To illustrate better the algorithm some examples of FGs identified for few simple molecules are shown in Fig. 1.
Fig. 1
Example of functional groups identified. Groups are color coded according to their type
Full size image
Generalization of functional groups
FGs, particularly those with several connection points, may be present in numerous forms differing by variation in their environment. The attachment points may be unsubstituted (i.e. the valences are filled by hydrogens) or connected to aliphatic or aromatic carbons with large number of possible combinations. A simple amide group with 3 connection points may form 18 such variations (two connections on nitrogen are considered to be symmetrical here). As another example list of 20 ureas with different environments extracted from the ChEMBL database (vide infra) is shown on Fig. 2. For the more complex groups the number of possible variations is even considerably larger.
Fig. 2
Various forms of the urea functionality differing in the environment patterns. The numbers in the corner indicate the number of molecules in ChEMBL in which this particular group is present and the percentage
Full size image
In most cases, however, it is not necessary to go into such level of detail. When studying frequency statistics of FGs in chemical databases one is usually interested in percentage of molecules with, say, urea or sulfonamide functionalities and not in the environment details.
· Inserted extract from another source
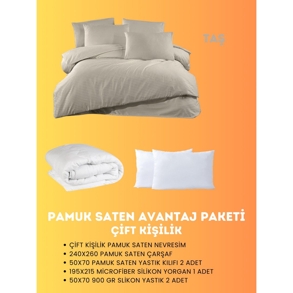 Çift Kişilik Pamuk Saten Nevresim;240×260 pamuk saten çarşaf;50×70 pamuk saten yastık kılıfı 2 adet;195×215 microfiber silikon yorgan 1 adet;50×70 900 gr slikon yastık 2 adet

It would be therefore desirable to merge FGs based on the important “central” moiety. One needs to be careful here, however. In some special cases, particularly for smaller FGs the differences in the environment are very important, for example to distinguish between alcohols and phenols or amines and anilines. To consider these different scenarios the generalization scheme described below was developed:
-
1.
environments on carbon atoms are deleted, the only exception are substituents on carbonyl that are retained (to distinguish between aldehydes and ketones)
-
2.
all free valences on heteroatoms are filled by the “R atoms” (this atom may represent hydrogen or carbon) with exception of:
-
hydrogens on the –OH groups
-
hydrogens on the simple amines and thiols (i.e. FGs with just single central N or S atom) are not replaced, this allows to distinguish secondary and tertiary amines, and thiols and sulfides.
-
-
3.
all remaining environment carbons (on heteroatoms and carbonyls) are replaced by the “R atoms”; exceptions are environments on single atomic N or O FGs with one carbon connected, where this carbon is retained also with its type (aliphatic or aromatic), this allows to distinguish between amines and anilines, and alcohols and phenols.
This scheme provides a good balance between preserving sufficient, chemically meaningful details on one side and generalization on the other side. Examples of generalized FGs created by this procedure are shown in the following section.